More indictments seen ahead in Trump Organization case
NEW YORK — A lawyer for Donald Trump’s indicted corporate finance chief told a judge Monday that he has “strong reason to believe” more indictments are coming in New York’s investigation into the former president’s real estate empire.
Lawyer Bryan Scarlatos made the remark during Trump Organization Chief Financial Officer Allen Weisselberg’s first court appearance since his July 1 arraignment on tax-fraud charges. Scarlatos did not say what led him to believe more people would be charged.
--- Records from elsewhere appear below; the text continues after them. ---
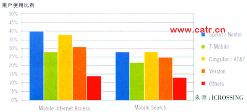 美國的移動搜索業(yè)務(wù)發(fā)展迅速,領(lǐng)先全球市場。根據(jù)美國市場調(diào)查公司的調(diào)查,美國移動用戶中,經(jīng)常使用移動搜索的用戶達(dá)到22%。美國主流運(yùn)營商均已經(jīng)推出了移動搜索業(yè)務(wù),其中Sprint和合并后的Cingular/AT&T業(yè)務(wù)發(fā)展較好。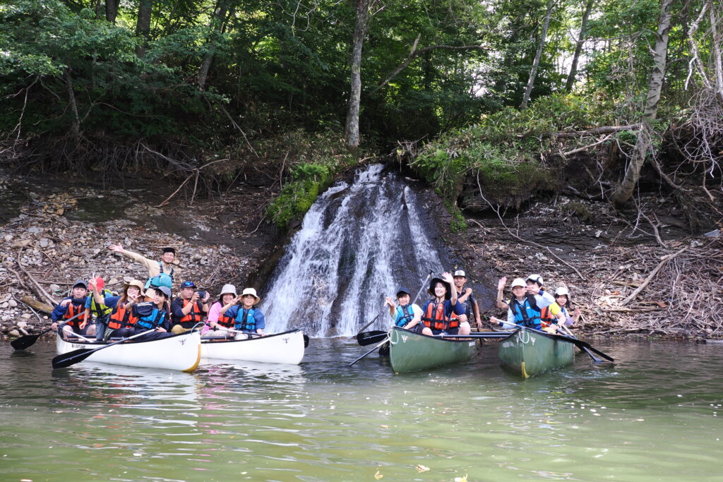 滝の近くまでカヌーを寄せ、滝の飛沫を浴びたり、カヌーから降りて滝の水に触れたりする子どもたちもいました。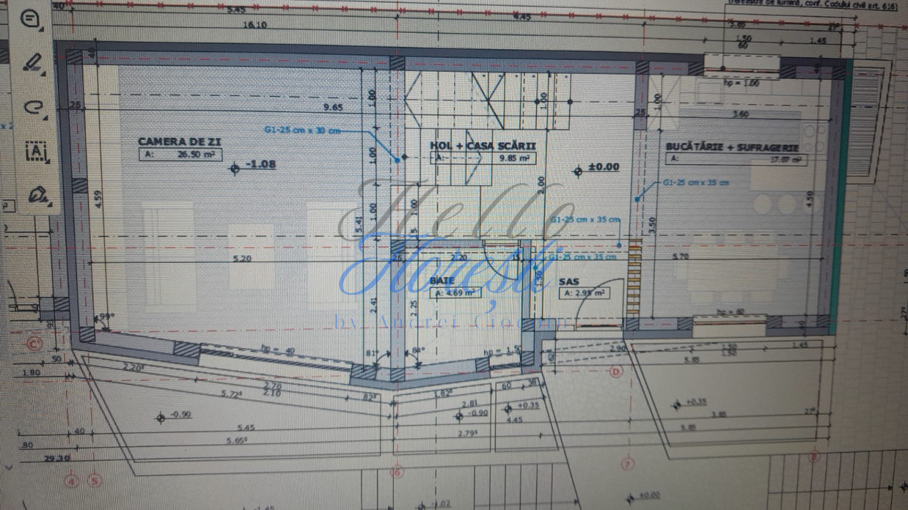 -Parter: Camera de zi , bucatarie+sufragerie , baie , sas , hol , casa scarii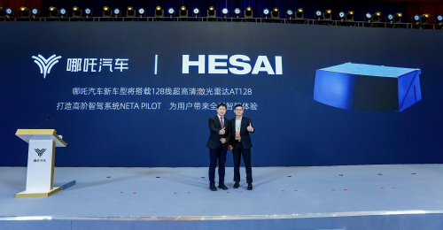 【图2:哪吒汽车新车型将搭载禾赛AT128激光雷达(示意图)】

In recent weeks, a pair of Trump Organization executives have testified before a grand jury. Under New York law, grand jury witnesses are granted immunity and cannot be charged for conduct they testify about.
The Manhattan district attorney’s office declined to comment.
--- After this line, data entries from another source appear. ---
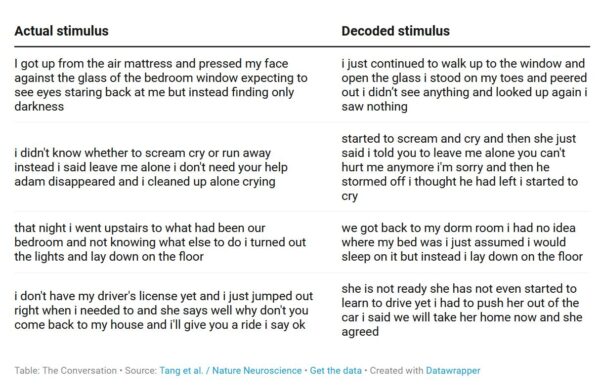 Le décodeur a utilisé les réponses cérébrales de trois participants enregistrées alors que ceux-ci écoutaient des histoires, et il a généré des séquences de mots qui auraient pu produire l’activité cérébrale enregistrée. Ces séquences de mots reproduisaient plutôt bien l’idée générale de l’histoire, et, dans certains cas, incluaient même des mots ou des phrases exacts.
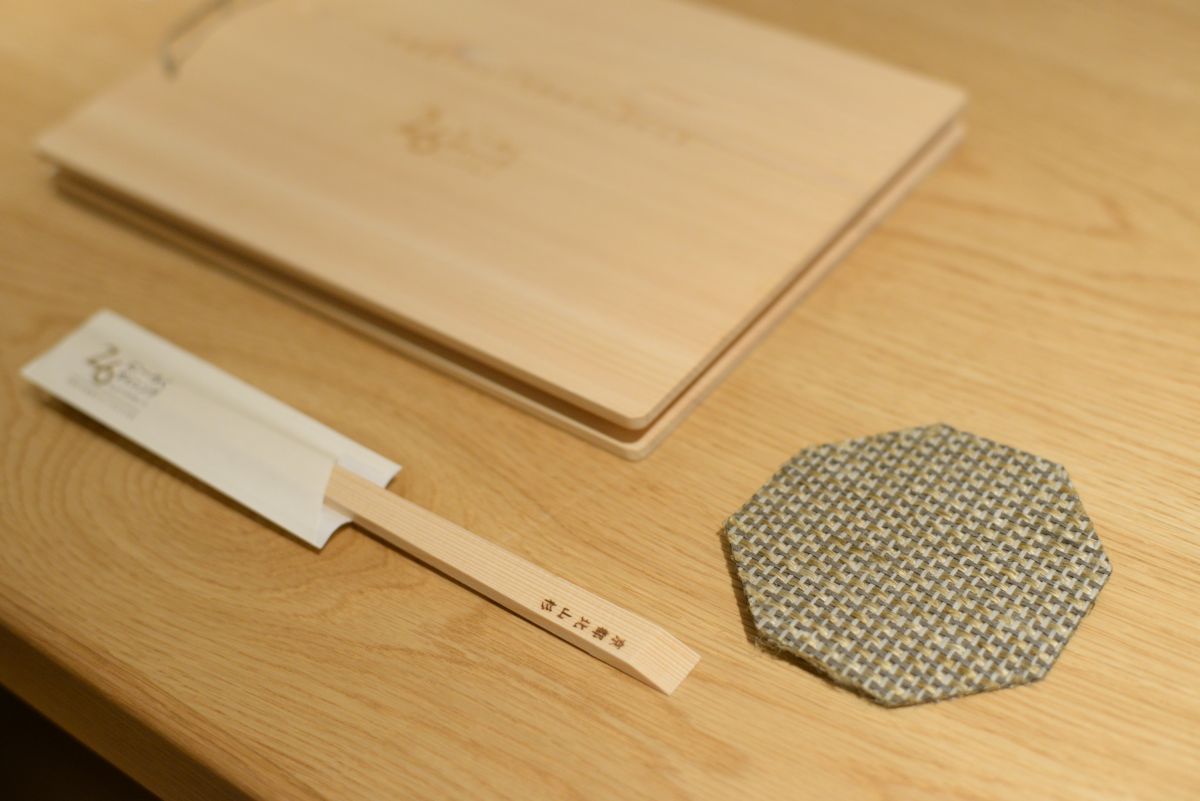店内で目を引く縄の暖簾は、京都の山並みをイメージしたもの。柱や割り箸には北山杉を使用し、木の温もりに包まれた落ち着きある空間が広がります。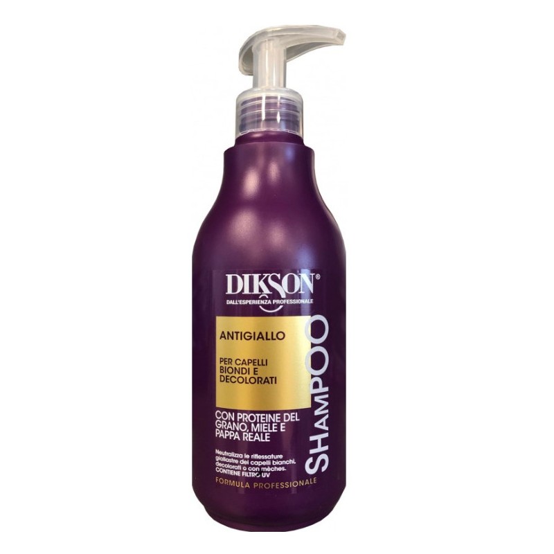 Profesionální šampon Dikson Antigiallo pro blond a odbarvené vlasy neutralizuje nažloutlé odlesky. Obsahuje pšeničné proteiny, med a mateří kašičku, jež vlasy intenzivně vyživují a dodávají jim dostatečnou hydrataci. Výsledkem jsou zdravé a lesklé vlasy. Obsahuje UV filtr.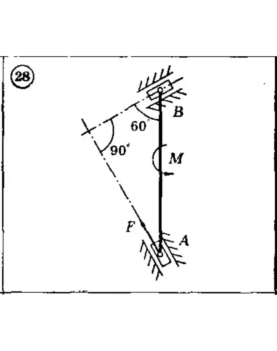 Для представленных на схемах 1-30 механизмов, расположенных в вертикальной плоскости, определить значения силы F из условия равновесия механизмов. Механизм состоит из однородного тонкого стержня АВ длиной L = 4м весом G = 15 кН и двух невесомых ползунов А и В, которые могут перемещаться по направляющим. На стержень действует пара сил с моментом М = 20 кН*м. Трение у ползуна В отсутствует, коэффициент трения ползуна А по направляющий f = 0,4. Размерами ползунов пренебречь.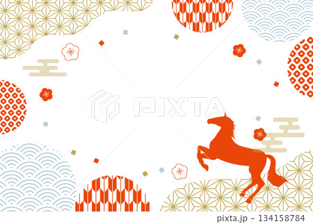 2026年 正月 午年の年賀状 和柄 フレーム 横
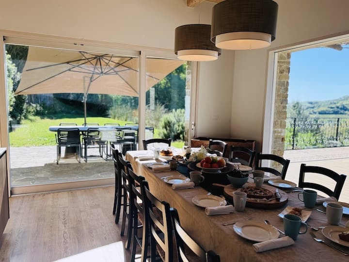 Hoewel heerlijk vrij gelegen op het platteland, is er op slechts drie kilometer een klein maar pittoresk burcht dorpje te vinden. Iets verder rijden, op zo’n 7 km, ligt het levendige Bistagno terwijl op een kleine 15 km het termenstadje Acqui Terme te vinden is. Wie van wandelen of fietsen houdt, kan vanuit de villa tal van tochten ondernemen die de schoonheid van deze streek ten volle tonen.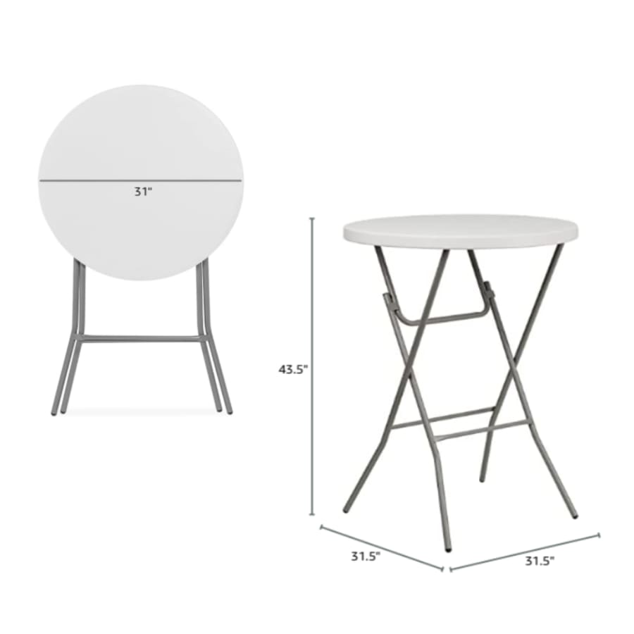 Measurements: 31" L x 31" W x 43.5" H Max Weight: 165 lb Seating Capacity: 3 guests Tablecloth Recommendation: Spandex Cover available in white or black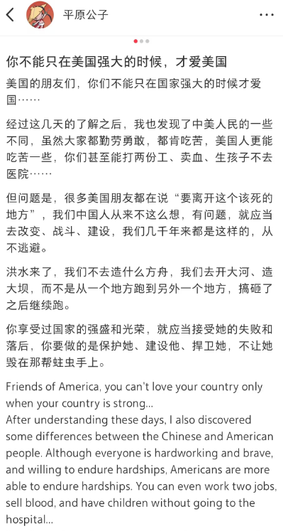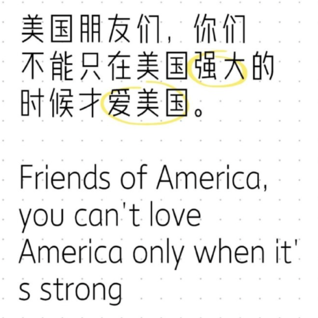 我在小紅書發了個帖子,叫做《美國朋友,你們不能只在美國強大的時候才愛美國》。

“Mr. Weisselberg is separate from the Trump Organization. He is the only individual here whose liberty is at stake,” Scarlatos said. “What I am concerned about is that he will become collateral damage in a larger fight between the Trump Organization and the DA’s office.”
Scarlatos raised the issue of more possible indictments while arguing for more time to review up to 6 million pages of documents that he said prosecutors are turning over as evidence, calling it “a herculean task” and saying new indictments would create a “moving target.”
Prosecutors said Weisselberg is “no stranger” to many of the documents because they include business records that the executive likely produced or reviewed as part of his job.
Judge Juan Manuel Merchan gave both sides until next spring to file motions and responses. He said he’d decide on motions at a July 2022, hearing, the next time Weisselberg is due in court.
Merchan said he expected to set a trial date at that time and would probably schedule it for the end of August or beginning of September.
“The reason I mention it now is that it’s on everybody’s radar,” Merchan said. “I don’t have an exact date yet.”
Weisselberg has pleaded innocent to charges he collected more than $1.7 million in off-thebooks compensation, including apartment rent, car payments and school tuition.
Trump’s company is also charged in the case, which prosecutors have described as a “sweeping and audacious” taxfraud scheme.
One of the Trump executives granted immunity to testify before the grand jury is the company’s director of security, Matthew Calamari Jr. Prosecutors have been looking at him and his father, Trump Chief Operating Officer Matthew Calamari Sr., in their probe of untaxed benefits.
A lawyer for the Calamaris said in a statement responding to Scarlatos’ remarks that he was not aware of any plans to indict the elder Calamari.
“We remain in discussions with the district attorney’s office relating to Matthew Calamari (Sr.), but continue to believe there is no basis for indicting him,” lawyer Nicholas Gravante said. “If they presently intended to indict him, I would have been informed. I haven’t been and, in fact, have been informed to the contrary.”
Weisselberg sat quietly next to his lawyers at Monday’s brief hearing and didn’t speak to reporters on his way to and from court.
Trump himself has not been charged with any wrongdoing. He has condemned the case, the first to arise from New York authorities’ two-year investigation into the former president’s business dealings, as a “political witch hunt.”
Trump has said his company’s actions were standard practice in the business and in no way a crime.